=== EXERCISE DATA ===

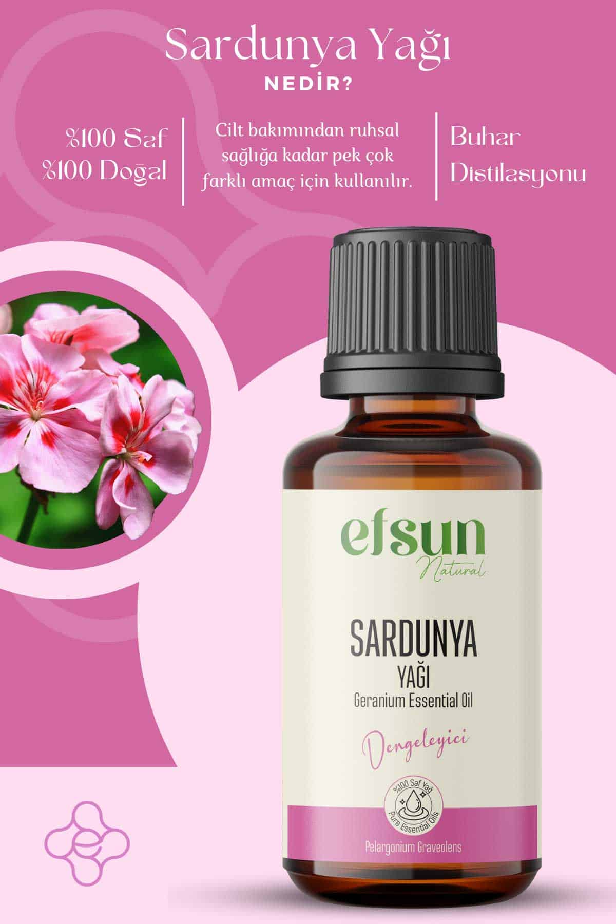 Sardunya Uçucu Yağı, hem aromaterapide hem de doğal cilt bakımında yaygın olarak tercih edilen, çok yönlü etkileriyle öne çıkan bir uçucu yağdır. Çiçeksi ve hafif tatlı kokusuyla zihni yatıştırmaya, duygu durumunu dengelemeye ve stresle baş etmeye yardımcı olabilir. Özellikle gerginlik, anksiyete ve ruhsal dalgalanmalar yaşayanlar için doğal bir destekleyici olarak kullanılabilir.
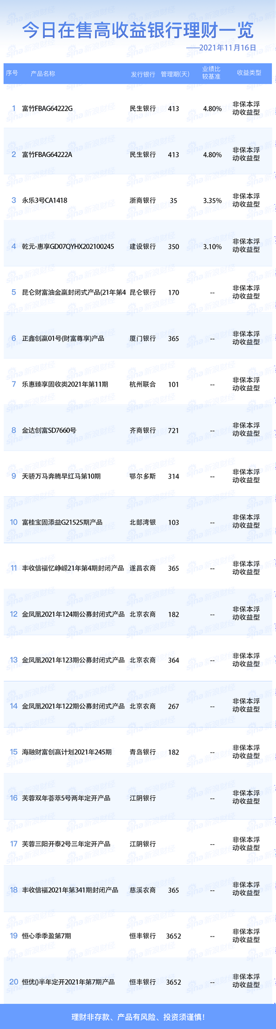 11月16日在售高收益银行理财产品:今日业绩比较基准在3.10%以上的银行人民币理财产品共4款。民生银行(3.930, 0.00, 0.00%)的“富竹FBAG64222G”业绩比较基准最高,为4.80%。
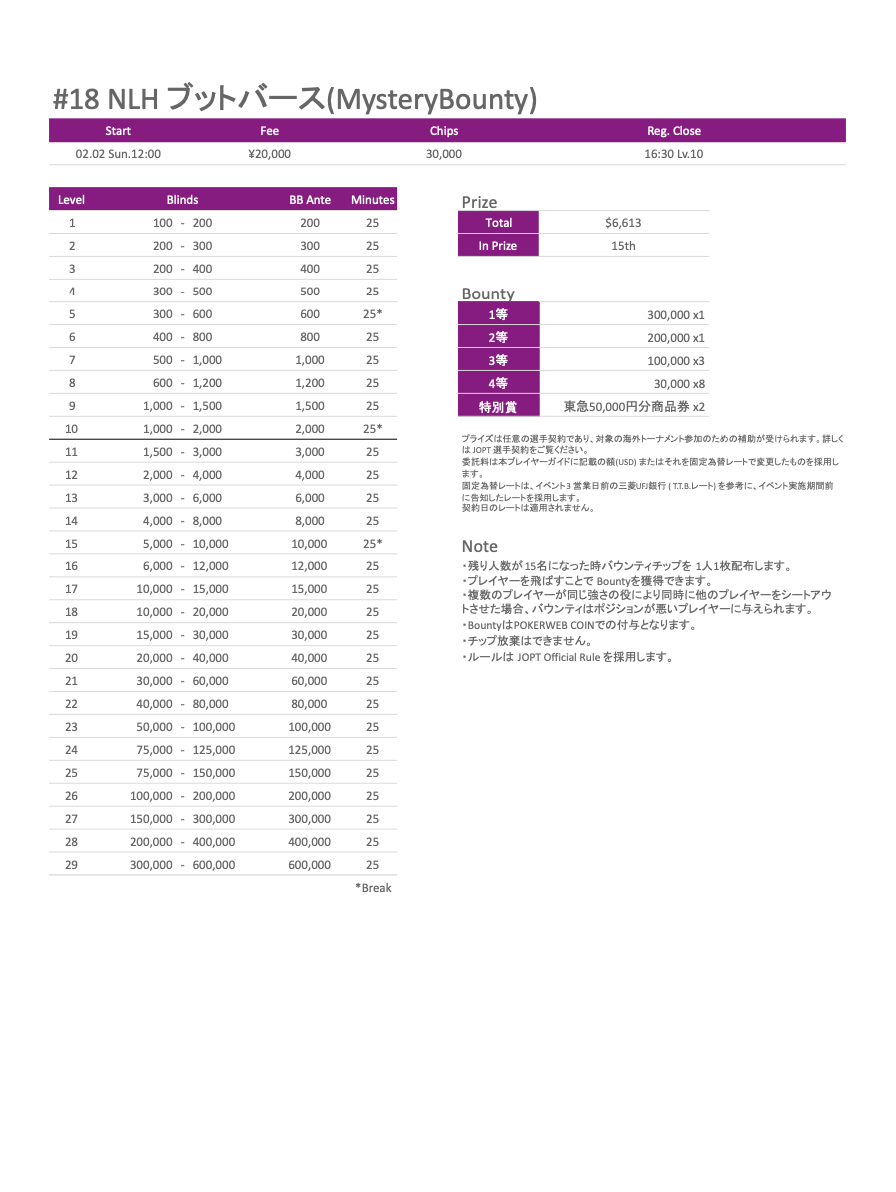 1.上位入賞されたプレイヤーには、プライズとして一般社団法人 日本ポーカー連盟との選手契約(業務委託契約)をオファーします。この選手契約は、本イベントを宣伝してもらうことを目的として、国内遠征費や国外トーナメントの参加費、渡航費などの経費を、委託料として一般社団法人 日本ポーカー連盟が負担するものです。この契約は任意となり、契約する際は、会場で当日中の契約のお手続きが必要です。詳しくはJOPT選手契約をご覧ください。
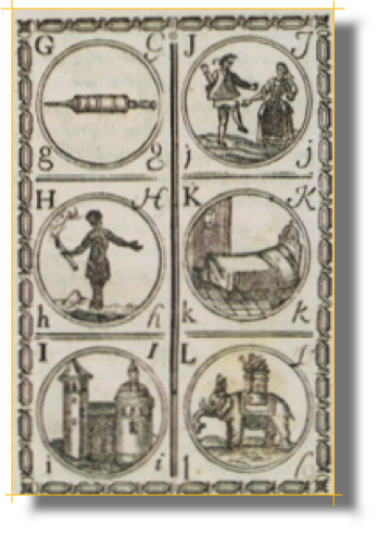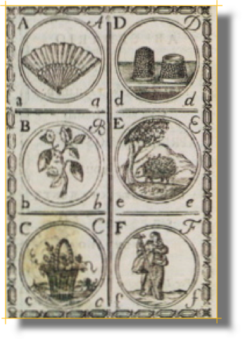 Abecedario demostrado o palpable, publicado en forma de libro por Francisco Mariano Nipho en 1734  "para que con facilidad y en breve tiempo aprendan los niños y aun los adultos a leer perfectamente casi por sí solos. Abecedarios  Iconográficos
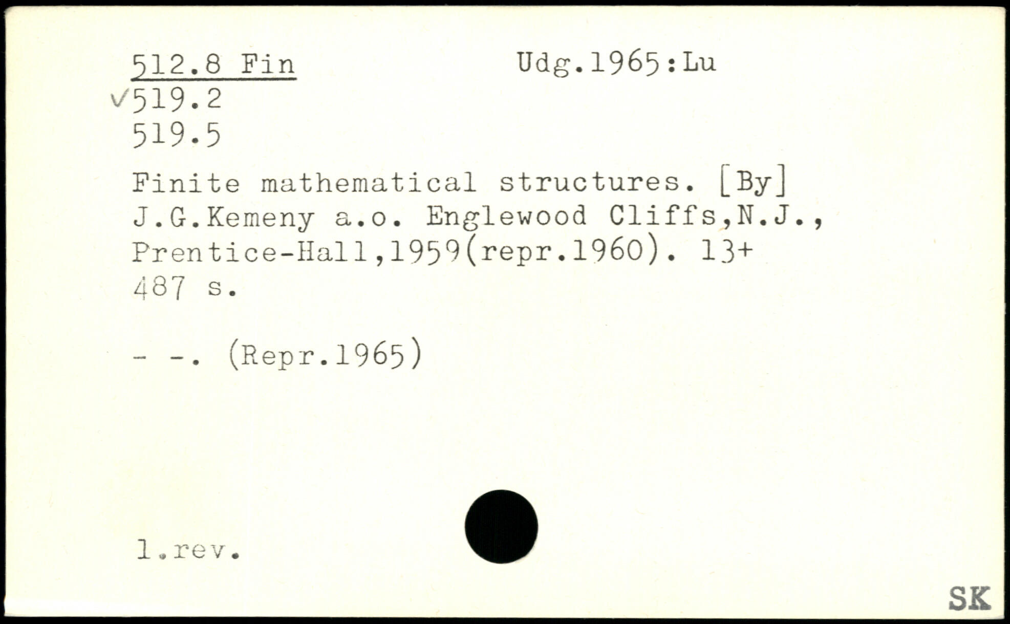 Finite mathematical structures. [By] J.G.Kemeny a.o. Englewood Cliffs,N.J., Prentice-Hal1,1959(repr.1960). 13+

===
=== EXERCISE DATA ===

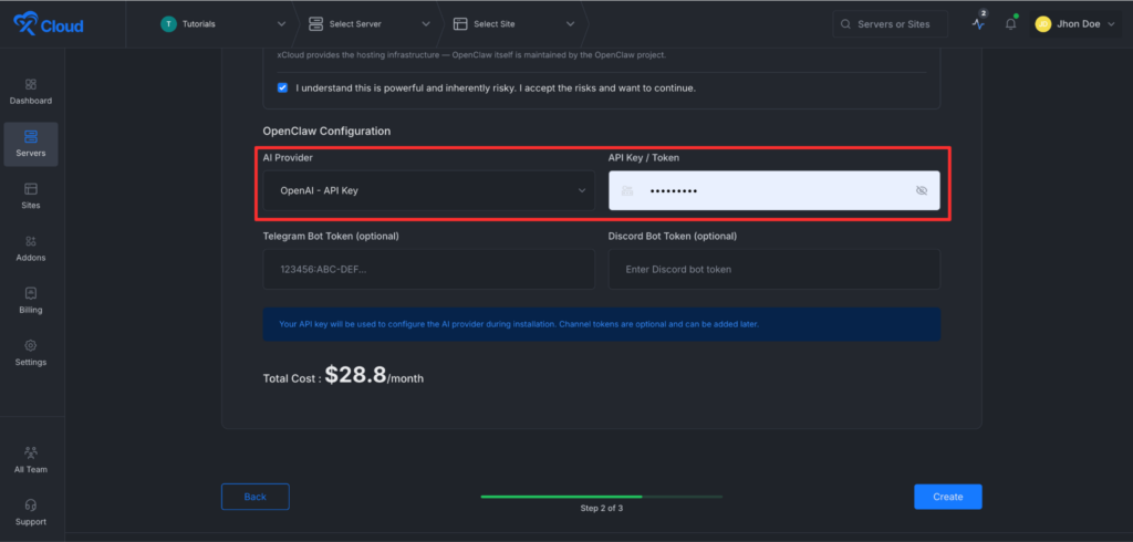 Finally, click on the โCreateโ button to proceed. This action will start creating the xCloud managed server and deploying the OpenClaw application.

===
=== EXERCISE DATA ===

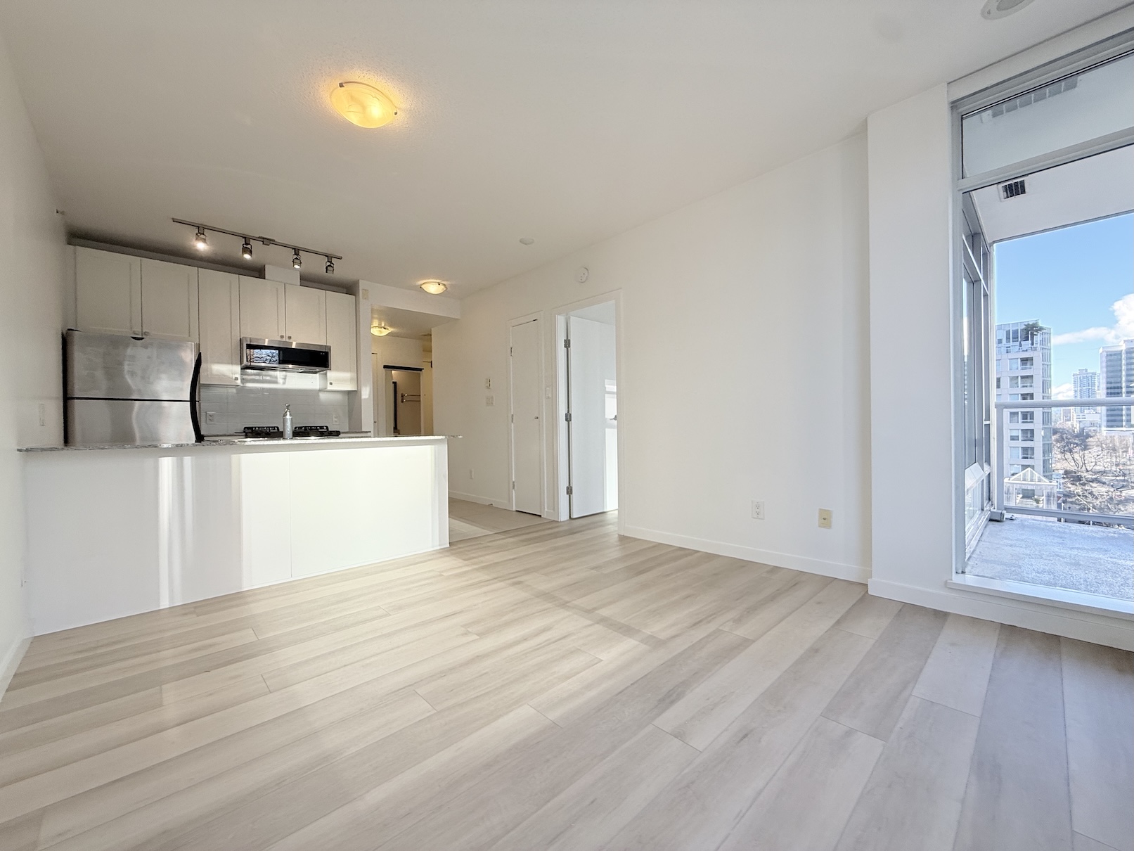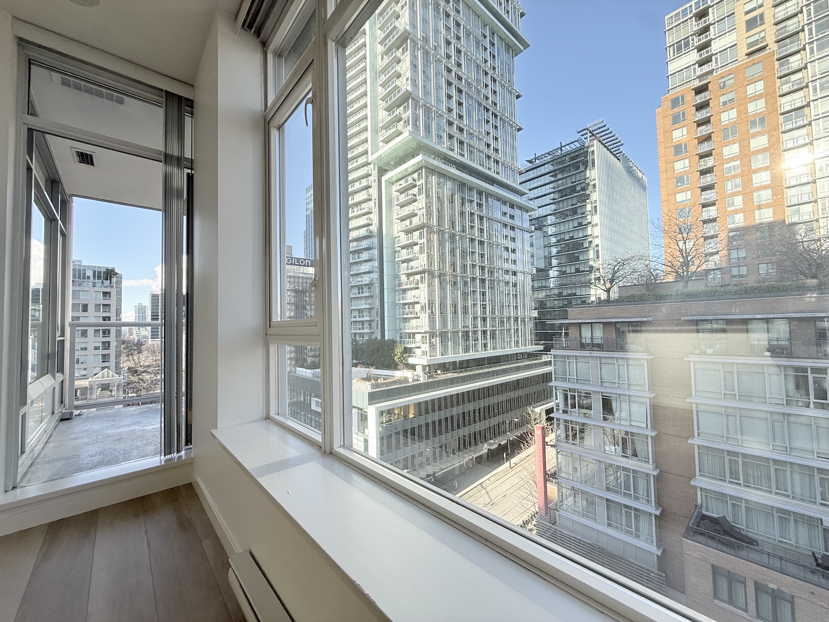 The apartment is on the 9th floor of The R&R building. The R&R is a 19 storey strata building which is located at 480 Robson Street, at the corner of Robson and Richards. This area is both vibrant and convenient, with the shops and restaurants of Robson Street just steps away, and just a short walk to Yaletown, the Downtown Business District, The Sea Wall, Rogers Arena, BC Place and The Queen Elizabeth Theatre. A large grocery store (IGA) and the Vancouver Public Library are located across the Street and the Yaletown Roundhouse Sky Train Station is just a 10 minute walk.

===

*TASK TO COMPLETE:*
Please copy out from the data above, without any picture, exactly the lines running from the one that holds "Abecedario demostrado o" through the one that holds "Finite mathematical structures.", and nothing beyond them.

*EXERCISE ANSWER:*
 Abecedario demostrado o palpable, publicado en forma de libro por Francisco Mariano Nipho en 1734  "para que con facilidad y en breve tiempo aprendan los niños y aun los adultos a leer perfectamente casi por sí solos. Abecedarios  Iconográficos
 Finite mathematical structures. [By] J.G.Kemeny a.o. Englewood Cliffs,N.J., Prentice-Hal1,1959(repr.1960). 13+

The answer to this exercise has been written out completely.